EXERCISE REQUIREMENTS :: Copy nothing but the lines below running from the line containing "据TradeGo新股孖展数据" through the line containing "This sand dam", both end lines included.

EXERCISE MATERIALS ::
▼▼▼
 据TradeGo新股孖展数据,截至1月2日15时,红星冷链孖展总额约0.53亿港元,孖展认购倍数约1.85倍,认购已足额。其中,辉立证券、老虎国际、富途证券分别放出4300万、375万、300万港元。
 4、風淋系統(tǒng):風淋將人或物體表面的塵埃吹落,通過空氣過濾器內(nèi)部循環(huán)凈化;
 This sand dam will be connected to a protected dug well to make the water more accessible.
▲▲▲
▼▼▼
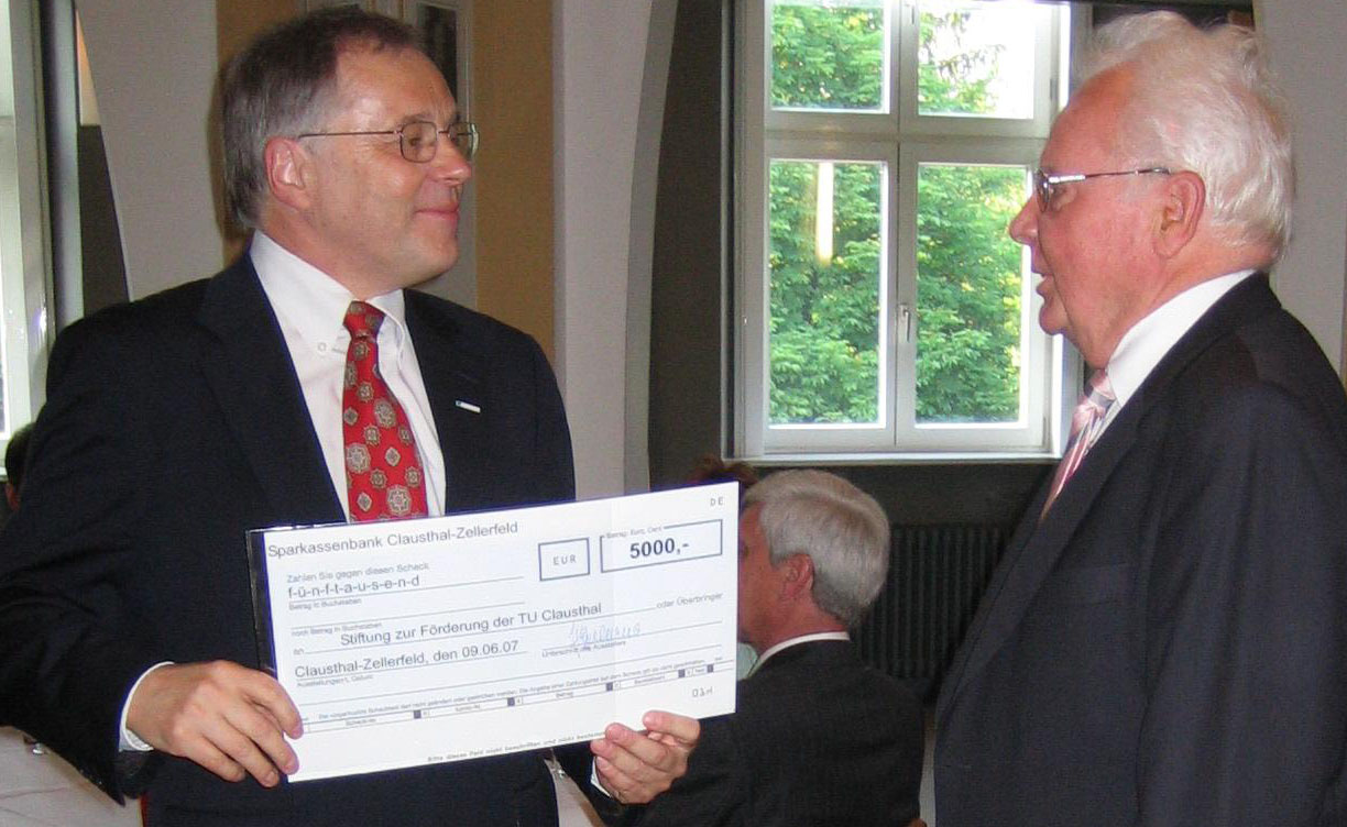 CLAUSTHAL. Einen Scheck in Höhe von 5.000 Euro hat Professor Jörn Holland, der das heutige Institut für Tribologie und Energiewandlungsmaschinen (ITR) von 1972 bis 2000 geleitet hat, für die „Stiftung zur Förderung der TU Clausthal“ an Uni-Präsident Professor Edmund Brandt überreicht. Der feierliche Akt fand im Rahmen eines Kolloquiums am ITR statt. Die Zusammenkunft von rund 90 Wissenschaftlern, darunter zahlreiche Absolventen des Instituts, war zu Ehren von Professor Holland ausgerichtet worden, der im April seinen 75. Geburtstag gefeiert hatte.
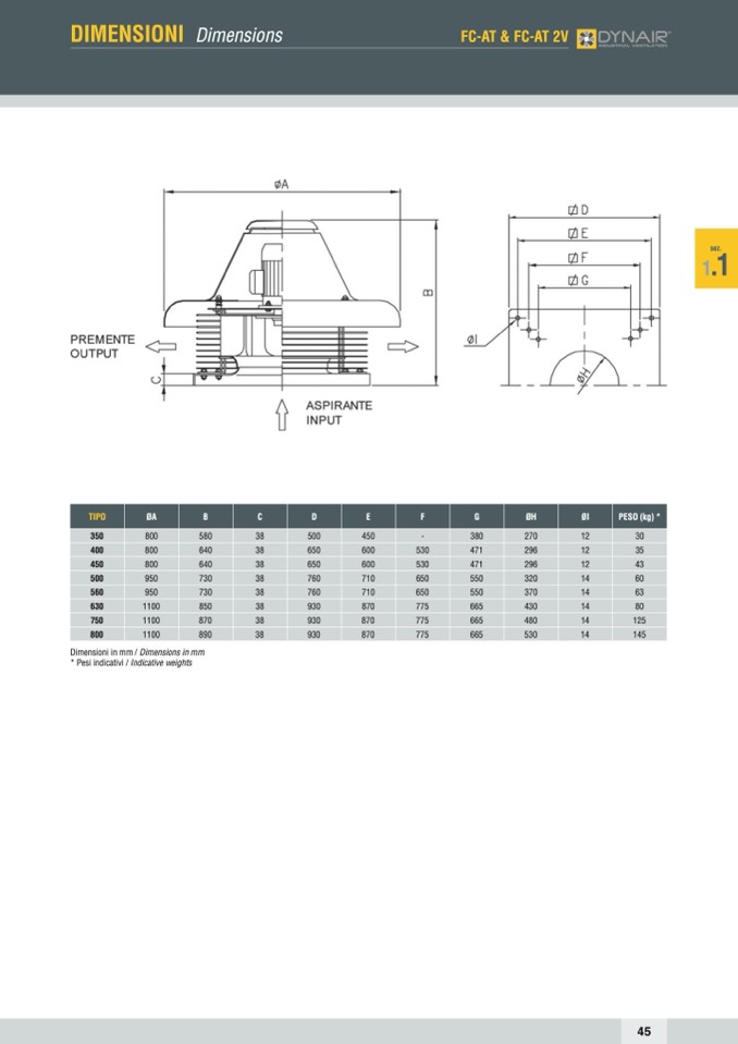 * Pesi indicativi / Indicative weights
▲▲▲
WRITTEN ANSWER ::
 据TradeGo新股孖展数据,截至1月2日15时,红星冷链孖展总额约0.53亿港元,孖展认购倍数约1.85倍,认购已足额。其中,辉立证券、老虎国际、富途证券分别放出4300万、375万、300万港元。
 4、風淋系統(tǒng):風淋將人或物體表面的塵埃吹落,通過空氣過濾器內(nèi)部循環(huán)凈化;
 This sand dam will be connected to a protected dug well to make the water more accessible.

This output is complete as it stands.